- Opening Delimiter -
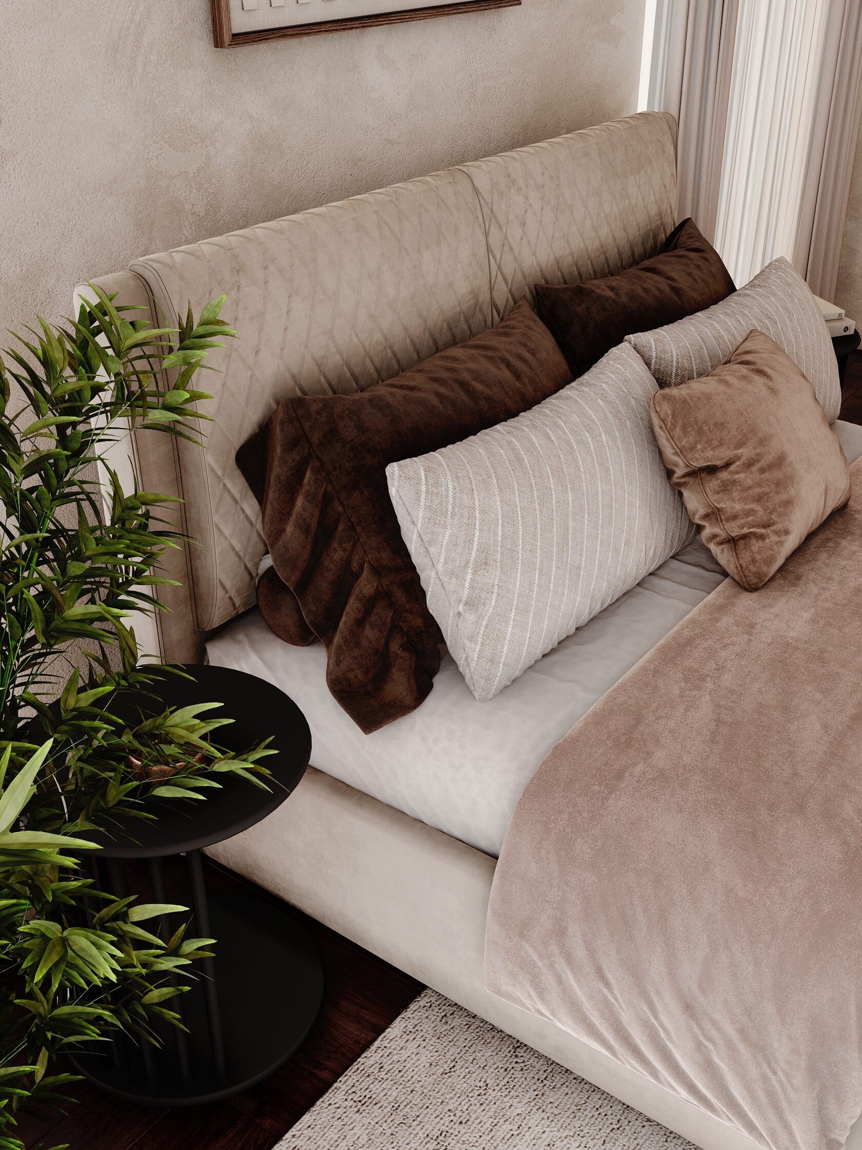 Кровать Латона 3 - удобная и функциональная кровать с декорированными стежкой элементами.
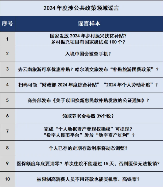 2024年3月,有不法分子冒用國家機關(guān)名義,假稱“國家發(fā)放2024年鄉(xiāng)村振興扶貧補貼”“鄉(xiāng)村振興項目有國家級試點100個”,以高額返利為誘餌,引誘大量不明真相的群眾加入所謂的各類“基金會”和“項目”,巧立名目騙取錢財。還有自媒體從公開發(fā)布的政策信息中摘取碎片化信息,斷章取義,對政策歪曲解讀。如2024年10月,個別自媒體故意混淆“個人養(yǎng)老金”與“基本養(yǎng)老金”的概念,傳播“領(lǐng)取養(yǎng)老金要繳3%個稅”“養(yǎng)老金個稅起征點為5000元”等不實信息,引發(fā)公眾誤解。此外,在《國家安全機關(guān)行政執(zhí)法程序規(guī)定》和《國家安全機關(guān)辦理刑事案件程序規(guī)定》公布之際,一些別有用心之人借機造謠抹黑、搬弄是非,大肆炮制所謂“入境中國都會被查手機”的謠言,荒謬至極。
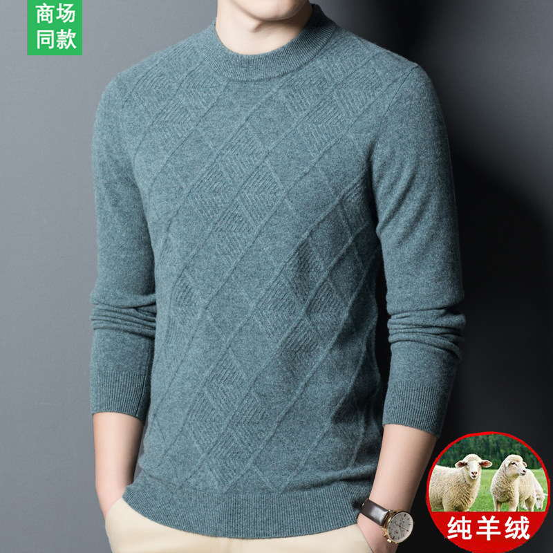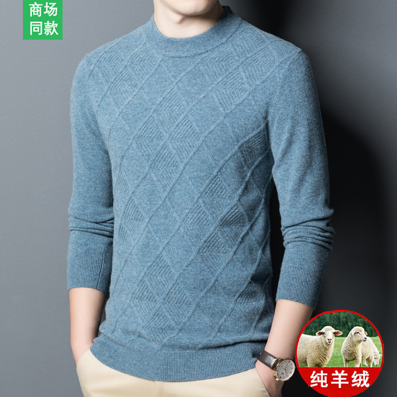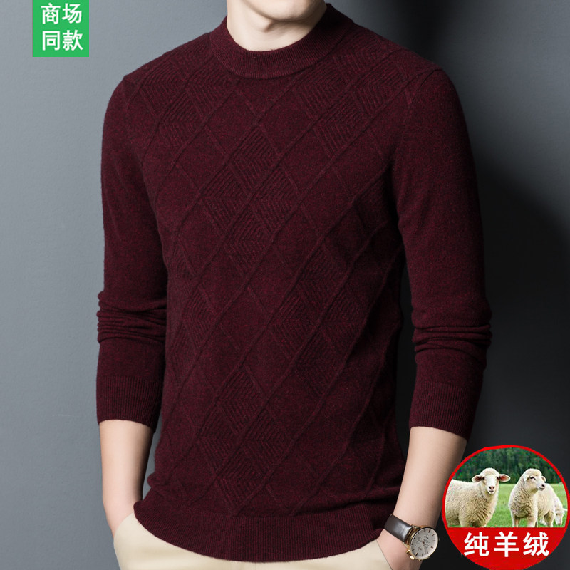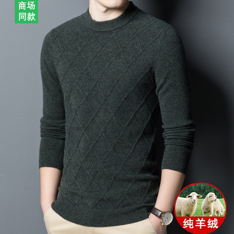 Spring bamboo autumn and winter half height collar 100% pure cashmere sweatshirt men's clothing middle-aged casual wool thickened underknitted sweater
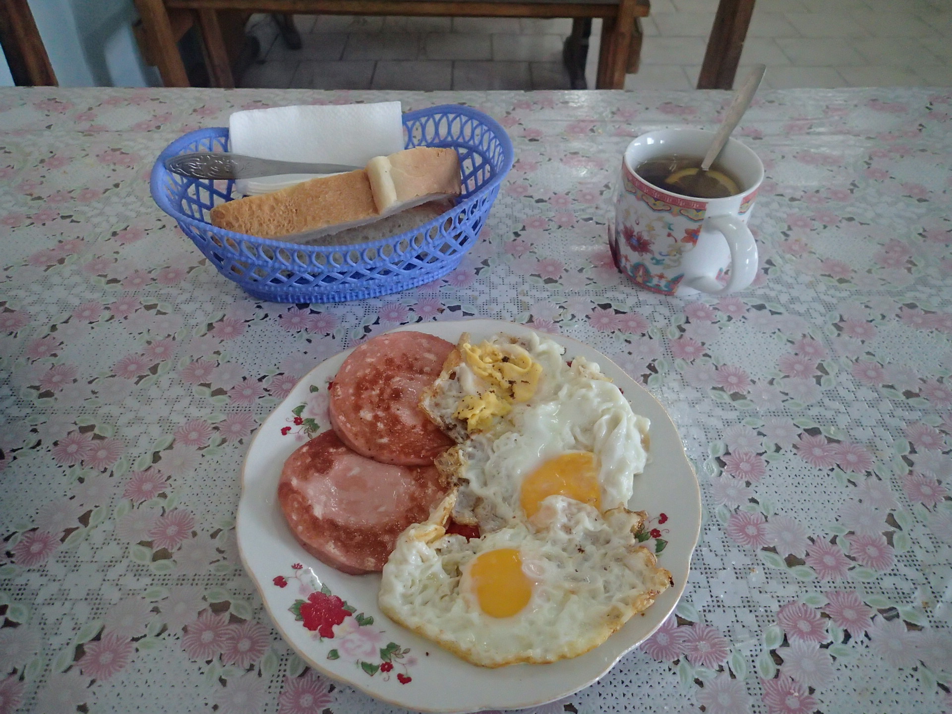 因為昨天在餐廳門口搭帳篷,今早六點多就被門口兩個司機的聊天聲吵醒,知道他們在好奇著出現在這的單車和帳篷,不想出去。一直等到都沒聲音了才掀開帳篷走出去,先到餐廳裡用水刷牙洗臉,和餐廳裡的姊姊點了早餐後,便趁著他們在做早餐時把帳篷收拾好。進到餐廳後發現,餐廳裡的長椅併在一起後就是餐廳裡的姊姊們睡覺的地方,進去時還有兩個姊姊在椅子上熟睡著。
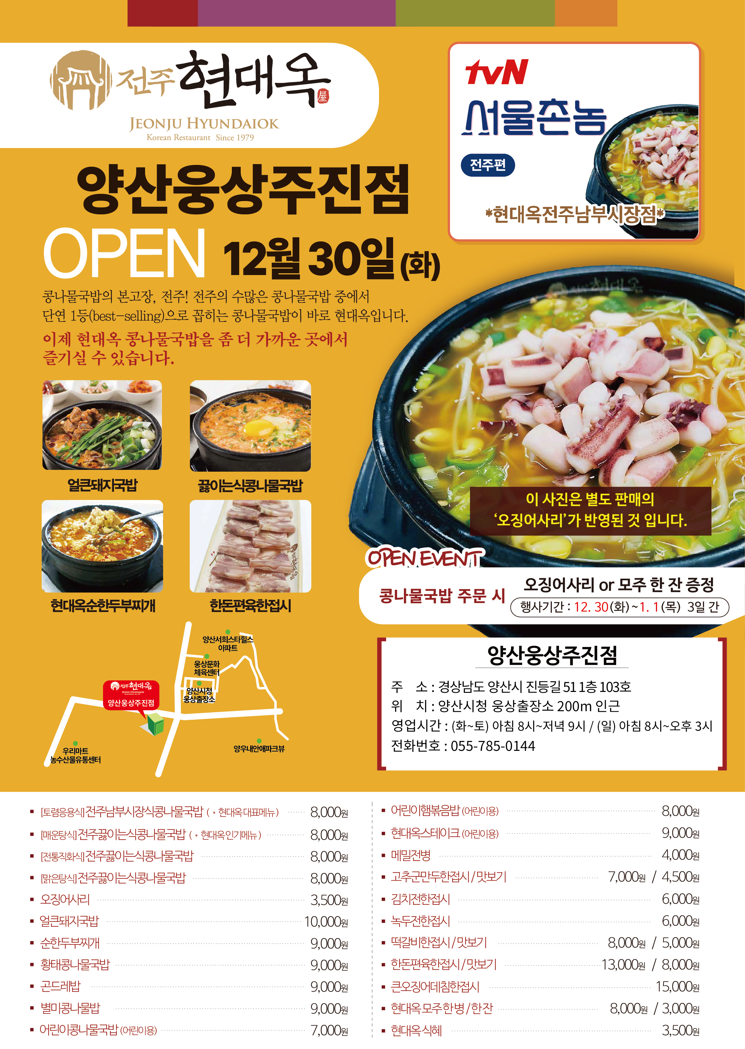 오늘자 경상남도 양산시 주진동에 현대옥 양산웅상주진점이 오픈하였습니다.
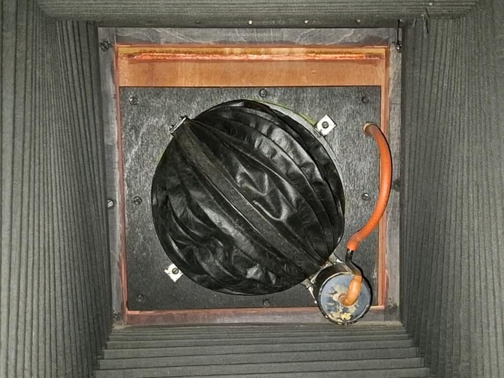 Der Grundner-Verschluss in der OKA-Kamera in Betrieb (von der offenen Rückseite aus gefilmt): Mittels des Blasebalgs am Gummischlauch, der ins Innere der Kamera führt (Bild), kann der Fotograf durch einen beherzten Druck auf den Gummibalg die beiden Hälften der Verschluss-Halbkugel mehr oder minder lang geöffnet halten. Video: Kurt Tauber
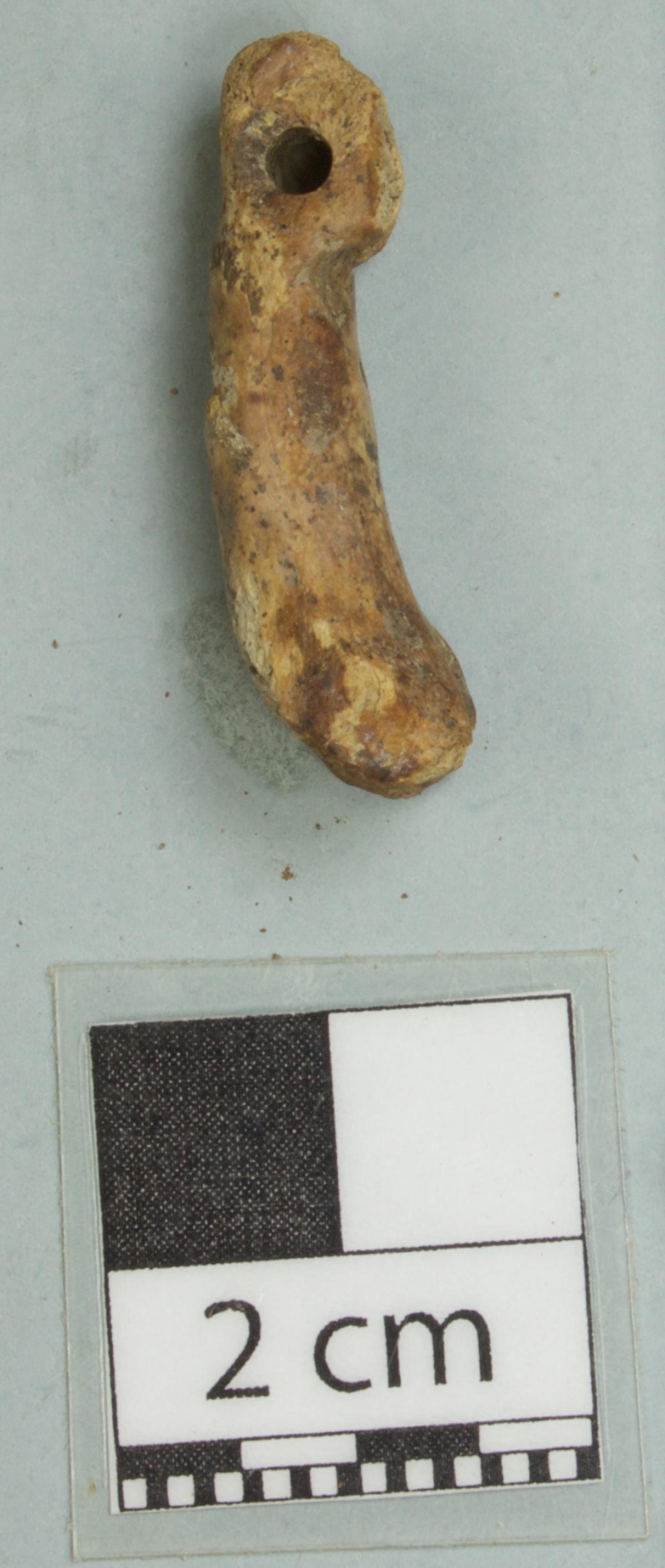 374 - Pendiente zoomorfo representando a un pelícano con la cabeza girada y apoyada sobre el lomo. Presenta la boca dentada y dos orificios para ser colgada. Formaba parte de un collar de canino...
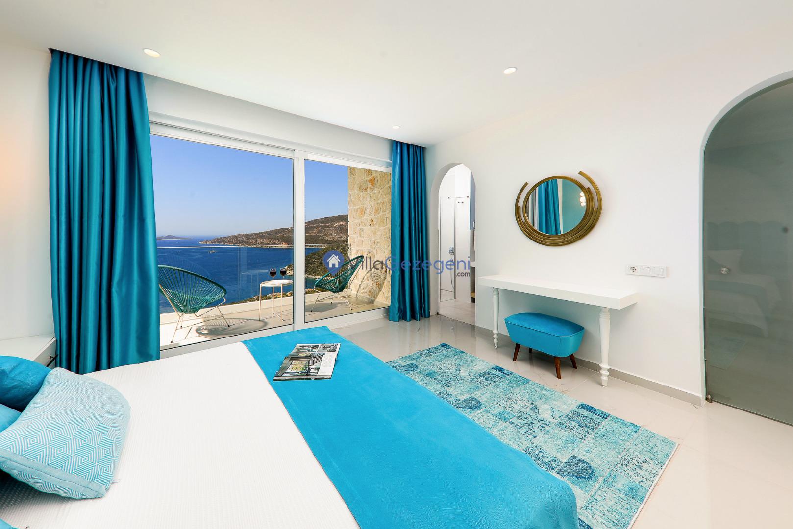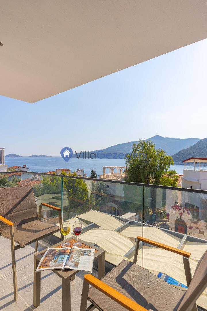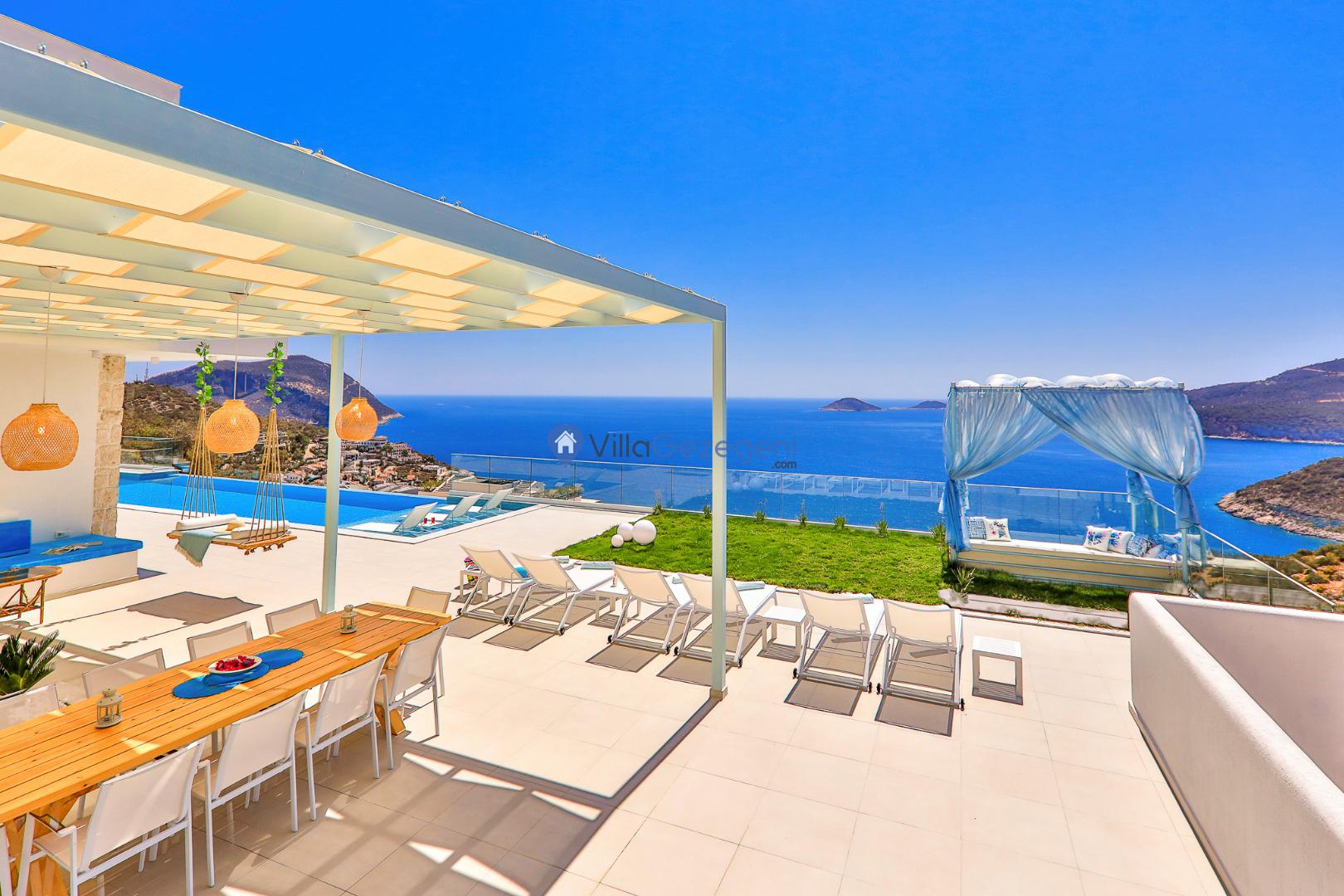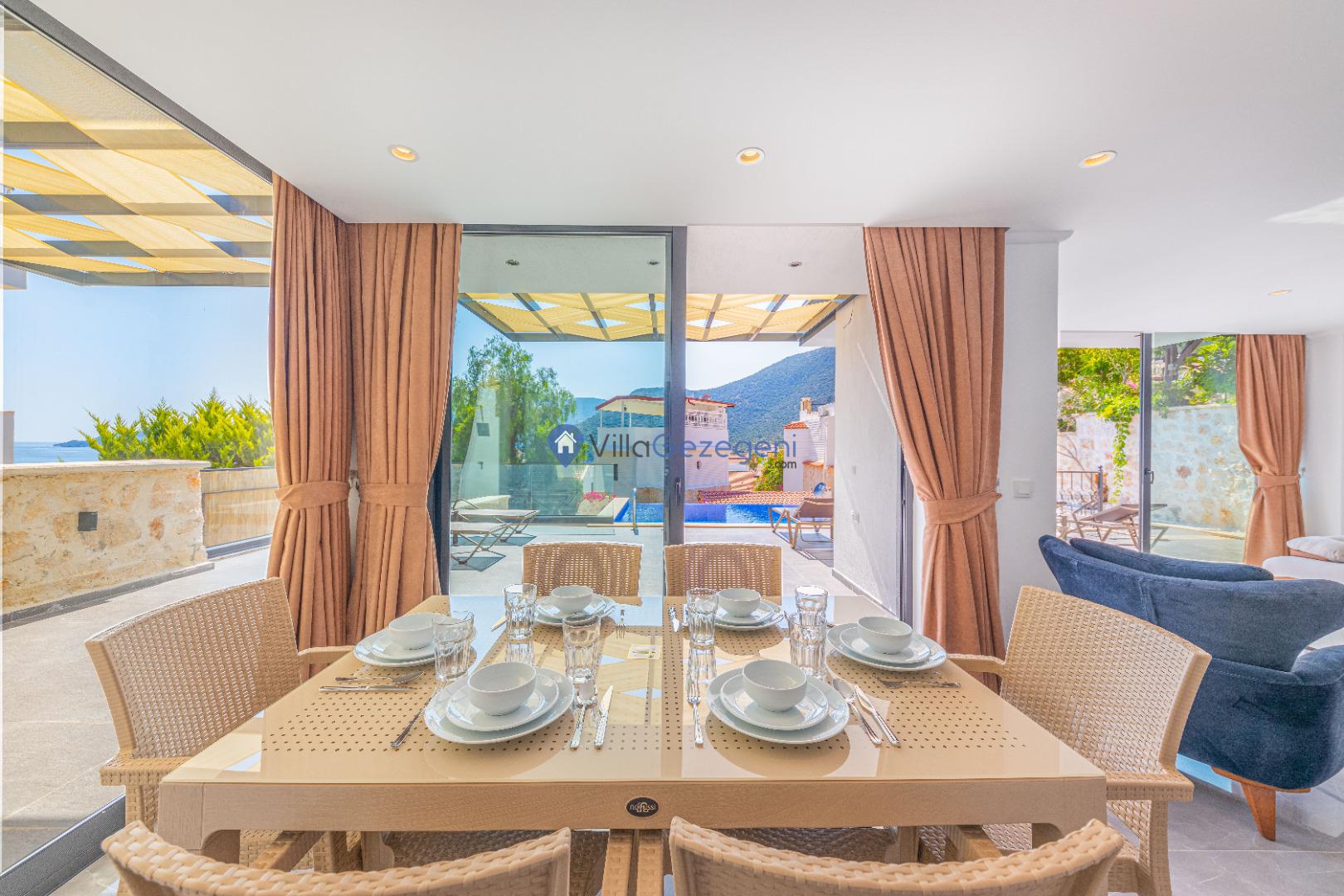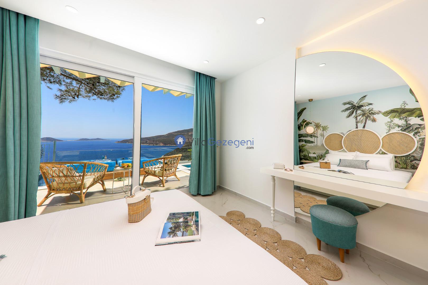 Kalkan Kalamar Mevkiinde yer alan 5 yatak odalı 10 kişi kapasiteli deniz manzaralı geniş aile ve arkadaş grupları için uygun kiralık tatil villası.
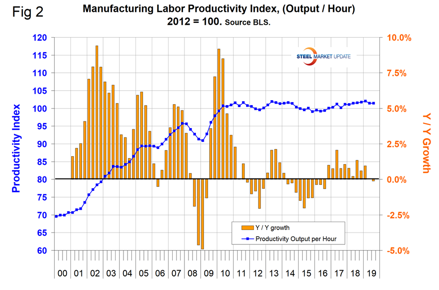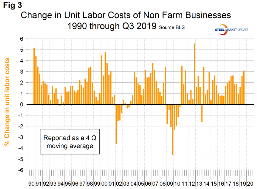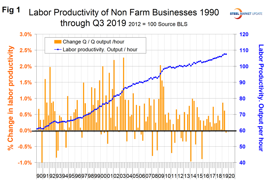 Unit labor costs and productivity changes are reported quarterly by the BLS and results for Q3 2019 were released last week. All quarterly percent changes in this release are seasonally adjusted annual rates. This basic information is useful to better understand the steel market. One way of looking at GDP is that it is the growth of the working age population multiplied by their productivity. Steel consumption is correlated with the growth of GDP.
- Closing Delimiter -
Instructions to follow:
Starting at the first line of the listing above, write out each line exactly and nothing else until you reach the line containing "374 - Pendiente", which is included as well; omit all pictures.

Worked solution:
 Кровать Латона 3 - удобная и функциональная кровать с декорированными стежкой элементами.
 2024年3月,有不法分子冒用國家機關(guān)名義,假稱“國家發(fā)放2024年鄉(xiāng)村振興扶貧補貼”“鄉(xiāng)村振興項目有國家級試點100個”,以高額返利為誘餌,引誘大量不明真相的群眾加入所謂的各類“基金會”和“項目”,巧立名目騙取錢財。還有自媒體從公開發(fā)布的政策信息中摘取碎片化信息,斷章取義,對政策歪曲解讀。如2024年10月,個別自媒體故意混淆“個人養(yǎng)老金”與“基本養(yǎng)老金”的概念,傳播“領(lǐng)取養(yǎng)老金要繳3%個稅”“養(yǎng)老金個稅起征點為5000元”等不實信息,引發(fā)公眾誤解。此外,在《國家安全機關(guān)行政執(zhí)法程序規(guī)定》和《國家安全機關(guān)辦理刑事案件程序規(guī)定》公布之際,一些別有用心之人借機造謠抹黑、搬弄是非,大肆炮制所謂“入境中國都會被查手機”的謠言,荒謬至極。
 Spring bamboo autumn and winter half height collar 100% pure cashmere sweatshirt men's clothing middle-aged casual wool thickened underknitted sweater
 因為昨天在餐廳門口搭帳篷,今早六點多就被門口兩個司機的聊天聲吵醒,知道他們在好奇著出現在這的單車和帳篷,不想出去。一直等到都沒聲音了才掀開帳篷走出去,先到餐廳裡用水刷牙洗臉,和餐廳裡的姊姊點了早餐後,便趁著他們在做早餐時把帳篷收拾好。進到餐廳後發現,餐廳裡的長椅併在一起後就是餐廳裡的姊姊們睡覺的地方,進去時還有兩個姊姊在椅子上熟睡著。
 오늘자 경상남도 양산시 주진동에 현대옥 양산웅상주진점이 오픈하였습니다.
 Der Grundner-Verschluss in der OKA-Kamera in Betrieb (von der offenen Rückseite aus gefilmt): Mittels des Blasebalgs am Gummischlauch, der ins Innere der Kamera führt (Bild), kann der Fotograf durch einen beherzten Druck auf den Gummibalg die beiden Hälften der Verschluss-Halbkugel mehr oder minder lang geöffnet halten. Video: Kurt Tauber
 374 - Pendiente zoomorfo representando a un pelícano con la cabeza girada y apoyada sobre el lomo. Presenta la boca dentada y dos orificios para ser colgada. Formaba parte de un collar de canino...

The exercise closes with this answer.